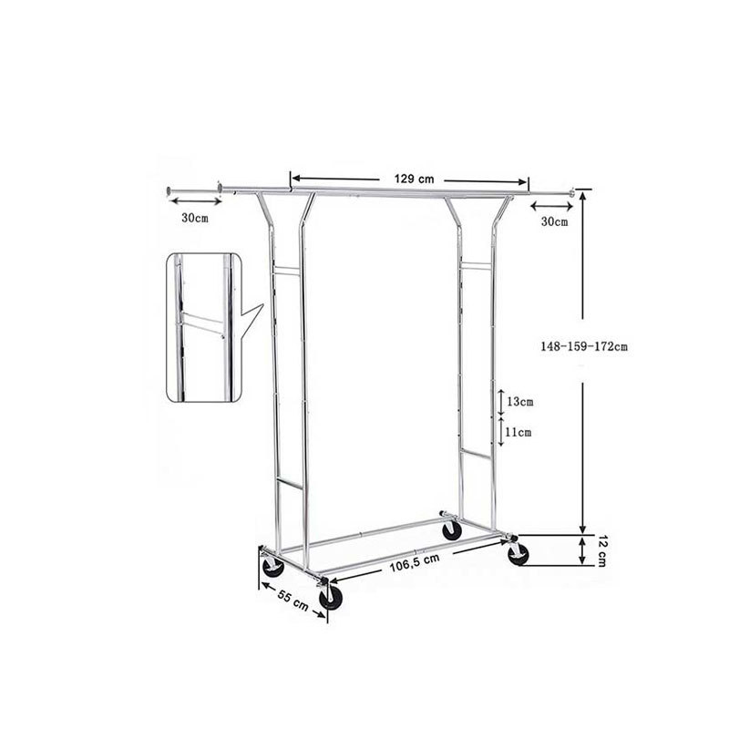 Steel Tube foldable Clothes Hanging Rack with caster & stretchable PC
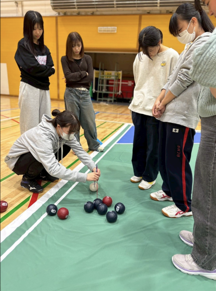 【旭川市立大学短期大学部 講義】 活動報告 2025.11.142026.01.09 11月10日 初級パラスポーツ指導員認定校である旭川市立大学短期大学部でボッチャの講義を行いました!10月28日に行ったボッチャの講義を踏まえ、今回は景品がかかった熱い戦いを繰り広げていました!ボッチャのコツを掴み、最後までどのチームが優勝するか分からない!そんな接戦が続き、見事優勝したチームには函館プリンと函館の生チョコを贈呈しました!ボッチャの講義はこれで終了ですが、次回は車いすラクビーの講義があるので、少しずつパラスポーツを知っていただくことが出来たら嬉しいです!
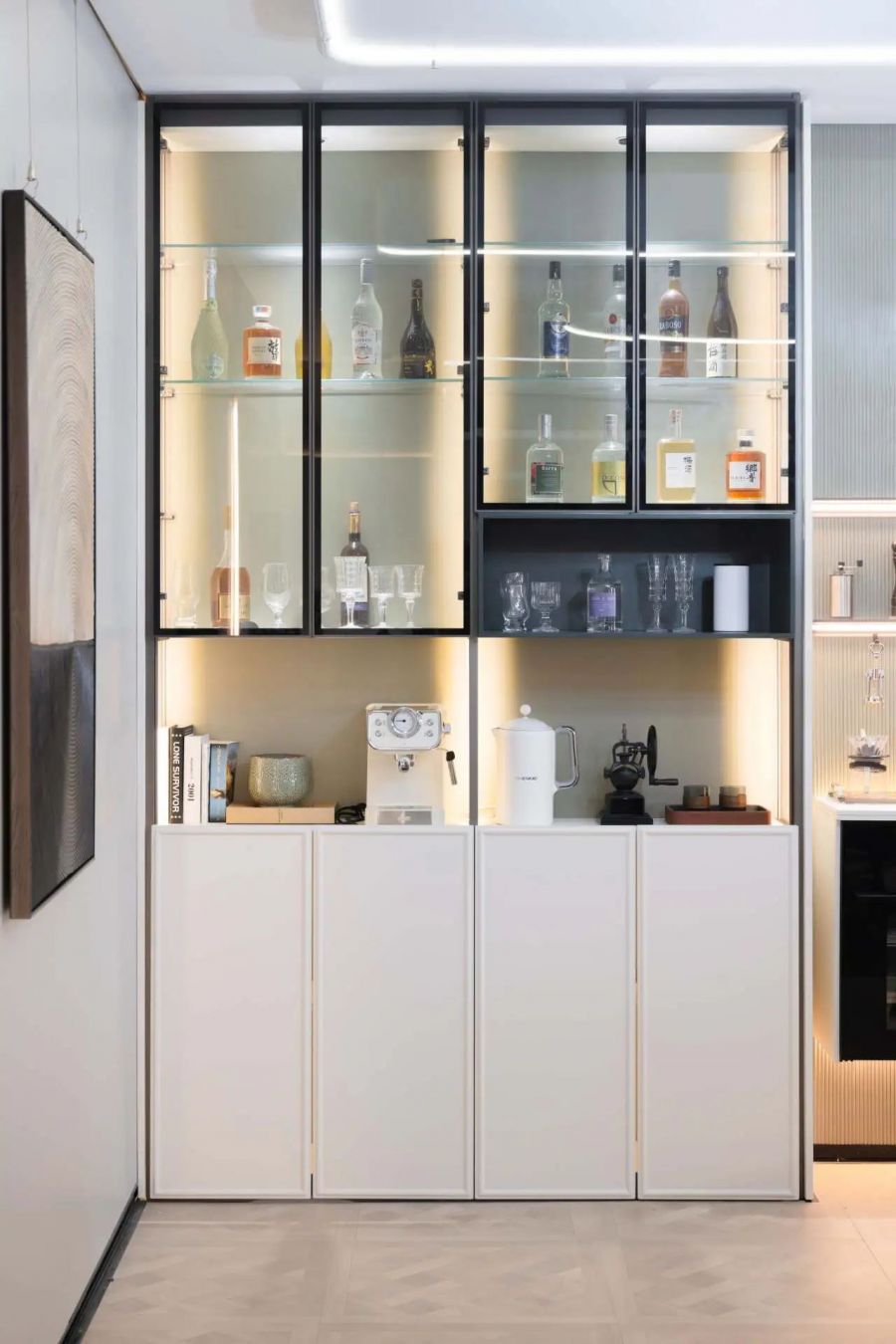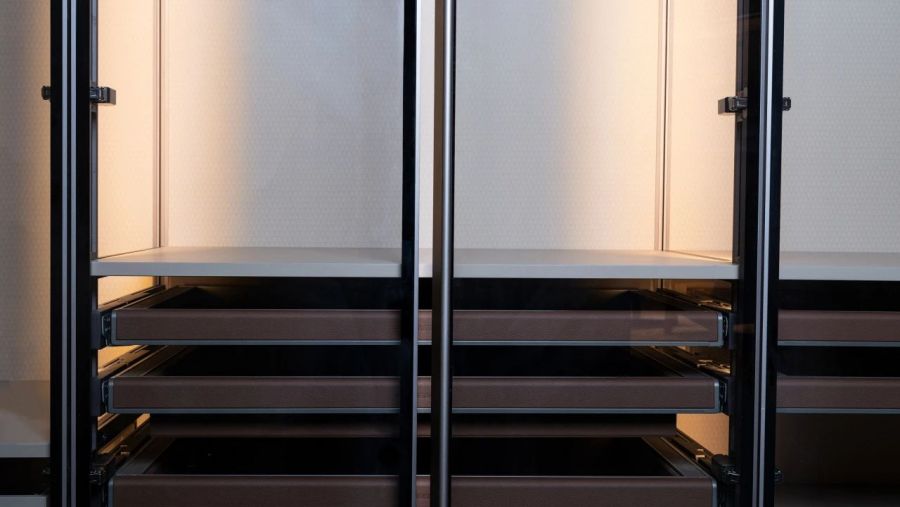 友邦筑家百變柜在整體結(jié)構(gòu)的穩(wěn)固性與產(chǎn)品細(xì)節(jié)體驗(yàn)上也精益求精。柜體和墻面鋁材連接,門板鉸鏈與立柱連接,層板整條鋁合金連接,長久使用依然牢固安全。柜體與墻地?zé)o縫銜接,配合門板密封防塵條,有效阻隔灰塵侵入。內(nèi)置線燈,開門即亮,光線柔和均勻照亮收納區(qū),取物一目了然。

|---|

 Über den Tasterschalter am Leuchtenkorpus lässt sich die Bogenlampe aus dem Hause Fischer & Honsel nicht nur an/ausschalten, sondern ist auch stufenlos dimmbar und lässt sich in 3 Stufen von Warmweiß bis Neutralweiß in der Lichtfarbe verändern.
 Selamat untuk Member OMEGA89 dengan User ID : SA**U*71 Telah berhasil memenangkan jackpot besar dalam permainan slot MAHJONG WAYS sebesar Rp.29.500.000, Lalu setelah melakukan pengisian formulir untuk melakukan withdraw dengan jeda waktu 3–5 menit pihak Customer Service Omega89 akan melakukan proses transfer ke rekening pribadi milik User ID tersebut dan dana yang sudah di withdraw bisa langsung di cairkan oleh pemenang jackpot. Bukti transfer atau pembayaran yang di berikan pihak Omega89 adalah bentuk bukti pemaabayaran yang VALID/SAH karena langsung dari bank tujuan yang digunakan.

|---|

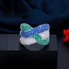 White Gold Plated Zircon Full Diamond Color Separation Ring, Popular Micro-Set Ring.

|---|

__Activity__: Going by the data above, give back only the lines from the one containing "Steel Tube foldable" through the one containing "友邦筑家百變柜在整體結(ji", exactly as they stand, both ends included and no images.

__Written reply__:
 Steel Tube foldable Clothes Hanging Rack with caster & stretchable PC
 【旭川市立大学短期大学部 講義】 活動報告 2025.11.142026.01.09 11月10日 初級パラスポーツ指導員認定校である旭川市立大学短期大学部でボッチャの講義を行いました!10月28日に行ったボッチャの講義を踏まえ、今回は景品がかかった熱い戦いを繰り広げていました!ボッチャのコツを掴み、最後までどのチームが優勝するか分からない!そんな接戦が続き、見事優勝したチームには函館プリンと函館の生チョコを贈呈しました!ボッチャの講義はこれで終了ですが、次回は車いすラクビーの講義があるので、少しずつパラスポーツを知っていただくことが出来たら嬉しいです!
 友邦筑家百變柜在整體結(jié)構(gòu)的穩(wěn)固性與產(chǎn)品細(xì)節(jié)體驗(yàn)上也精益求精。柜體和墻面鋁材連接,門板鉸鏈與立柱連接,層板整條鋁合金連接,長久使用依然牢固安全。柜體與墻地?zé)o縫銜接,配合門板密封防塵條,有效阻隔灰塵侵入。內(nèi)置線燈,開門即亮,光線柔和均勻照亮收納區(qū),取物一目了然。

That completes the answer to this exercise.